Regardless of the intent, what matters to the American government is that the CCP’s ideological policies can ultimately harm US interests in promoting democracy globally. To be clear, the global trend of democratic regression began before Xi became China’s leader in 2013 (Diamond Reference Diamond2021, 25). American scholars such as Carothers and Press (Reference Carothers and Press2022) argue that the trend of democratic backsliding is fundamentally homegrown and is driven by antidemocratic factors such as grievance-fueled illiberalism, opportunistic authoritarianism, and the revanchism of entrenched interests. These scholars contend that China is merely an accelerant in the overall global trend and not one of its primary causes. Even so, “the China model” could inspire nondemocratic countries to adopt China’s approach to governance over US-promoted liberal democracy. Indeed, according to research by Mattingly and colleagues (Reference Mattingly, Incerti, Ju, Moreshead, Tanaka and Yamagishi2022), many nondemocratic countries consider China’s success in achieving economic growth and maintaining (apparent) political stability as evidence of the appropriateness and effectiveness of its political system. When authoritarian countries that exhibit anti-American sentiment consider emulating the Chinese model, it is not surprising that Washington perceives any Chinese effort to promote its values and norms as direct evidence of an offensive intent to help autocracy prevail over democracy.

Drawing on the perception that Beijing harbors revisionist intentions, the US government’s resolve to defend democracy both within and beyond its borders has hardened. To this end, the Biden administration sought to build a stronger coalition of democratic nations. It convened the first Summit for Democracy in December 2021, followed by a second in March 2023 and a third in March 2024. Representatives from 110 countries and other entities, including Taiwan, participated in these summits and discussed strategies for defending democracy against the rise of authoritarianism. The Biden administration has also strengthened economic cooperation among democracies to restrict China’s access to advanced technologies. Drawing on multilateral programs such as the Supply Chain Resilience Initiative, the Export Controls and Human Rights Initiative, and the Indo-Pacific Economic Framework for Prosperity, the US aims to collaborate more closely with democratic allies in promoting democratic norms and values in the economic and technological sectors. These policy initiatives are, in part, motivated by a defensive approach to ideological competition and reflect the logic of ideological external balancing: the US must strengthen its cooperation with its democratic allies and like-minded countries to address the ideological challenges China poses to democracy.

In short, the Xi regime has more actively promoted the China model and Chinese narratives regarding global governance than its predecessors. However, it remains unclear whether the regime seeks to advance authoritarianism with the goal of replacing liberal democracy as the global model of governance. While the regime asserts that China can confidently offer an alternative model to the world, it simultaneously emphasizes the need to safeguard Chinese norms and systems from external influence.

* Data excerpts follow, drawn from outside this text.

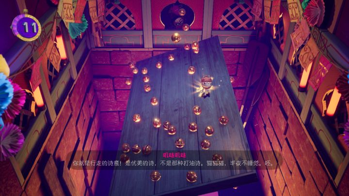 当然了,占游戏绝大部分的3D平台跳跃玩法作为本作的内容基本盘,做得很扎实。每个关卡中都会有一个主线任务,那就是到达终点,玩家只要不是太手残,一般都能达成,但是分数的高低以及奖励道具收集的进度,就会因为操作技术的差距而有一个很大的区分度。
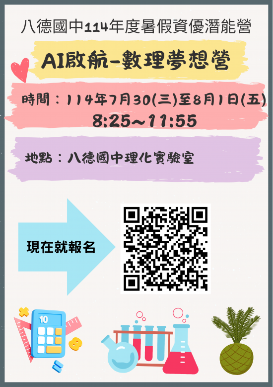 (二) 活動時間: 114 年 07 月 30(星期三)上午至 08 月 01 日(星期五)上午 8 時 25 分至 11 時 45 分,共計 3 個半天。
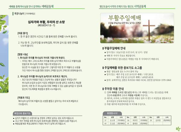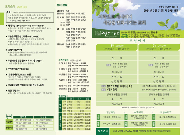 2024년 3월 31일 주보 (가야예배당) 페이지 정보 작성자 관리지기 작성일24-03-30 11:13 조회2,895회 댓글0건 관련링크 목록 본문 2024년 3월 31일 주보 (가야예배당) 댓글목록 등록된 댓글이 없습니다. 목록
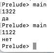 - putStrLn $ if f (show k) then "да" else "нет"
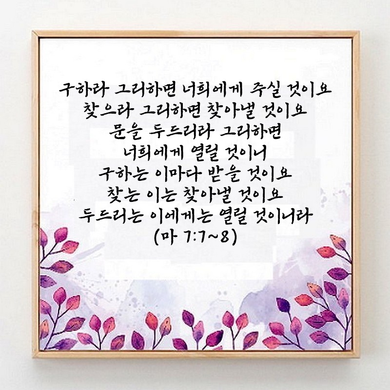 마태복음 7장 7절~8절 관리자 마태복음 0 1721 2025.09.28 02:55 Author 1 1 Lv.77 관리자 최고관리자 367,730 (78.2%) 너희 안에 이 마음을 품으라 곧 그리스도 예수의 마음이니(빌립보서 2:5) Let this mind be in you, which was also in Christ Jesus(Philippians 2:5)
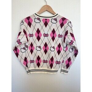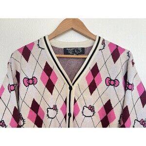 Hello Kitty Argyle Knit Cardigan Sweater Pink Burgundy Preppy Coquette Mall Y2K

Many officials and analysts in the US perceive Beijing as intending to challenge democracy and the liberal international order. From this perspective, the US must form a united front with other democracies to collectively respond to China’s ideological offensive.

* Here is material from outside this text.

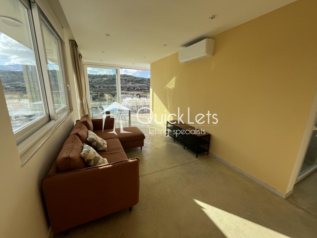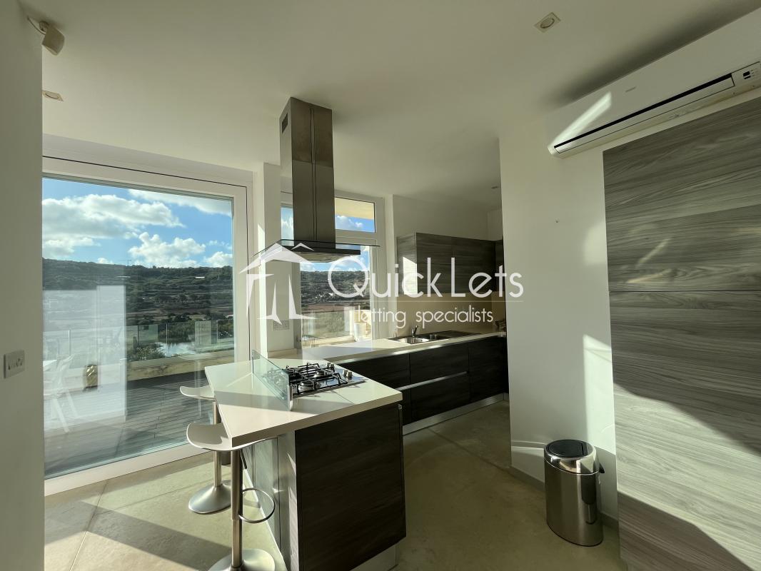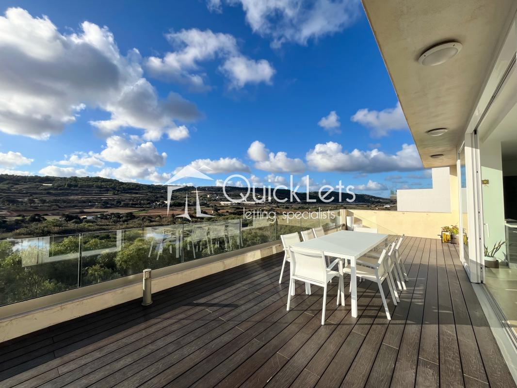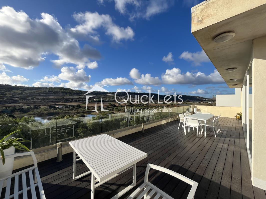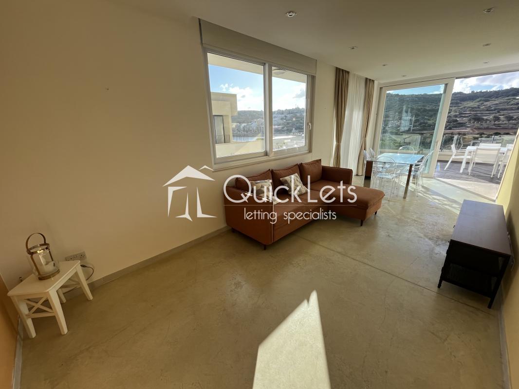 XEMXIJA | A stunning, highly finished Penthouse situated just off the seafront in Xemxija enjoying fantastic sea and country views. Property has direct lift access, opening onto a living-dining-kitchen area and leading onto a spacious terrace. There are three terraces in total all with views and having lots of natural light throughout. The main double bedroom comes with an en-suite, a second bedroom that can also be used as as study, and there is also a main bathroom. Fully equipped with all necessary appliances and close to all amenities.

Alternative Explanations: Absence of an Ideological Security Dilemma

Critics may propose two alternative explanations for the intensification of ideological competition between the US and China.

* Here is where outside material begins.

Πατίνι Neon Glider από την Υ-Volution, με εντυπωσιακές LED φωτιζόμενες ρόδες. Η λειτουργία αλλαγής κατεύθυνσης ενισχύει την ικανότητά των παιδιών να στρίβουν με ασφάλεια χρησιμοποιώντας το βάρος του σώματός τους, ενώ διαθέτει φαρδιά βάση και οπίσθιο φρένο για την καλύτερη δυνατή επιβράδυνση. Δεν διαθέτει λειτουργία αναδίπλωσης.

Genuinely Offensive Intentions of Xi Jinping and Donald Trump?

First, critics may argue that there is no security dilemma between the two countries because the Xi regime genuinely harbors revisionist intentions, while the Trump administration has actively sought to delegitimize the CCP. In other words, both countries have expressed offensive intentions toward each other in the realm of ideological competition. Chinese leaders appeared to gain confidence in the superiority of their system during the 2008 global financial crisis (Kissinger Reference Kissinger2012, 501; Ohlberg and Glaser Reference Ohlberg and Glaser2021). Despite uncertain long-term effects, Beijing’s decision to implement a fiscal stimulus of four trillion renminbi ($586 billion) succeeded in keeping the economy afloat even as Western economies faltered (García-Herrero Reference García-Herrero2018). Building on this experience, Xi declared that the Chinese people should embrace the “four confidences” and have faith in China’s chosen path, theory, system, and culture (L. Zhang Reference Zhang2022). At the conclusion of the Nineteenth Party Congress in 2017, Xinhua, China’s state news agency, asserted, “China is now strong enough, willing, and able to contribute more to mankind. The new world order cannot be solely dominated by capitalism and the West, and the time will come for a change” (Xinhua 2017).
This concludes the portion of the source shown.